Concernant les auteurs, et c'est probablement là que le bas blesse, il ne s'agit pas de scénaristes de comics mais d'auteurs mineurs de Fringe (même si certains on travaillé sur d'autres séries), le résultat n'est donc pas très étonnant, même si on aurait apprécié que des personnes aussi impliqué dans la création de la série fassent plus de recoupements avec celle-ci(peut-être certains m'ont-ils échappé mais j'en doute). Les histoires ne sont pas toutes mauvaises, ce qui gène vraiment c'est que pour une anthologie de SF, ça n'apporte rien en terme d'inventivité ou de qualité, et pour un fan de Fringe ça n'apporte rien non plus(enfin, si peu). Une question me reste, pourquoi avaient-ils besoin de se mettre à deux minimum pour écrire chacune des histoires?
Federico Dallocchio
Graphiquement, je salue l'effort louable du premier tome d'avoir une continuité graphique,  Tom Mandrake (qui travaille visiblement surtout pour DC) livre un travail de qualité même si je n'aime pas trop le côte très daté de son dessin. Simon Coleby (qui a fait pas mal de Judge dredd) qui ne fait qu'une histoire dans ce tome me plaît beaucoup plus, c'est aussi sombre mais plus moderne. Le deuxième tome est plus litigieux graphiquement, car s'il possède beaucoup plus de dessinateurs, dont des connus, je trouve l'ensemble relativement décevant à quelques très bonne surprise prés. Parmi les dessinateurs connus, l'on comptera David Lapham (Crossed), Tim Levins (divers travaux chez DC et Marvel), Fiona Staples (Saga), David Hahn (Bite club), et Darrick Robertson (The boys).
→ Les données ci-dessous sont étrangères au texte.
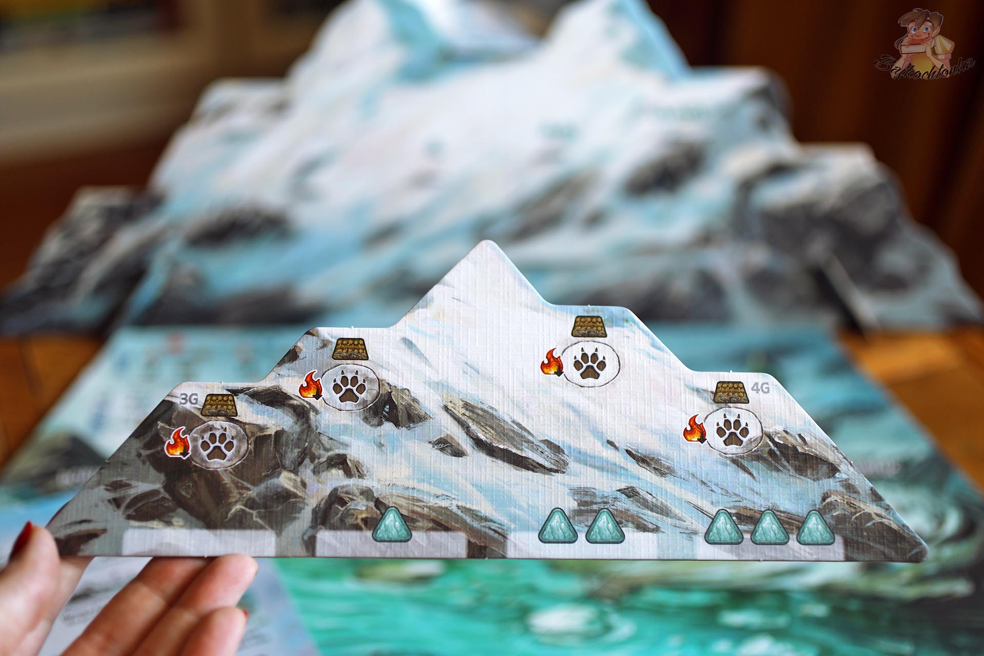 Ogień przydaje się także do rozpalania ognisk oraz zjednywania sympatii wielkich mieszkańców szczytu góry. Góra jest bowiem elementem, który znacząco wysuwa się na pierwszy plan w Everdell: Srebrnoszrony. W pudełku znajdziecie bowiem wielki, trójwymiarowy model do złożenia – z miejscem na 4 pionki stosów sygnałowych. Na samym szczycie przewidziano z kolei miejsce na stos żetonów śniegu (bardzo pomysłowe!).

Si Staples et Robertson nous livrent un travail de grande qualité complètement dans le ton de l'album, Lapham et Hahn produisent un dessin décevant et assez vide, le trait de Hahn étant en plus massacré par une mise en couleur désastreuse. Quant à Levins, ses illustrations sont de grandes qualités mais ne s'intègrent pas du tout à l'ambiance du livre. Le reste des illustrations est dans la moyenne, avec toutefois un coup de coeur concernant Daxiong, Julius Gopez et Yvel Guichet(même s'il a raté le visage d'Olivia). En ce qui me concerne, le manque d'uniformité graphique m'a vraiment gêné, il donne vraiment l'impression que l'album n'est qu'un gros fourre tout.


Conclusion:

Deux ouvrages assez quelconque donc, ils ne sont pas vraiment désagréable à lire mais ne combleront ni les fans de Fringe, ni les amateurs d'histoire de SF. Un produit mal conçu donc qui n'appelle vraiment pas à une suite. A noter pourtant qu'un troisième tome existe en anglais "Beyond the Fringe" écrit par Joshua Jackson en personne et relatant une histoire importante et que la série n'a pas traité concernant son personnage. Une idée à mon sens plus intéressante que ce qui a été fait jusqu'alors mais cela ne dit pas si la qualité suit.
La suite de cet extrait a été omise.